_Description of the task:_
Once the pictures are set aside, repeat all of the data below exactly.

_Dataset section:_
------------

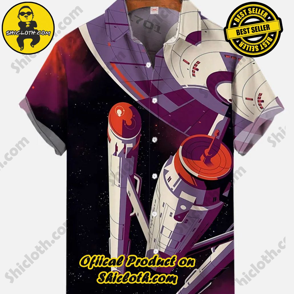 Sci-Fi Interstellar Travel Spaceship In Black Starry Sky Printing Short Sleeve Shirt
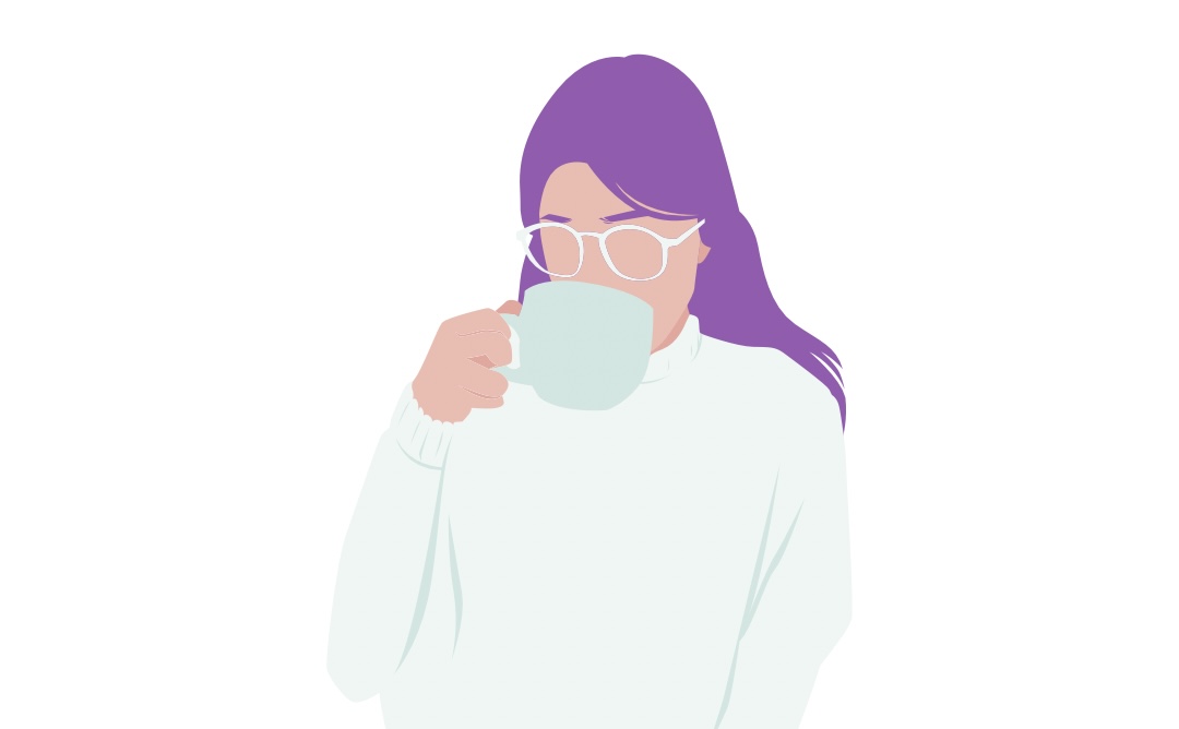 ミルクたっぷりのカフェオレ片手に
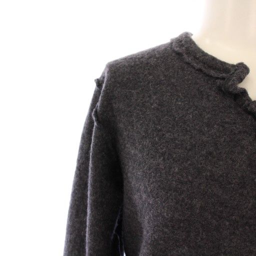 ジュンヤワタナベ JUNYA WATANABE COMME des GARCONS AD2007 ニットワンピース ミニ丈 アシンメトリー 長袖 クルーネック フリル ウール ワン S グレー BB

------------

_Finished task:_
 Sci-Fi Interstellar Travel Spaceship In Black Starry Sky Printing Short Sleeve Shirt
 ミルクたっぷりのカフェオレ片手に
 ジュンヤワタナベ JUNYA WATANABE COMME des GARCONS AD2007 ニットワンピース ミニ丈 アシンメトリー 長袖 クルーネック フリル ウール ワン S グレー BB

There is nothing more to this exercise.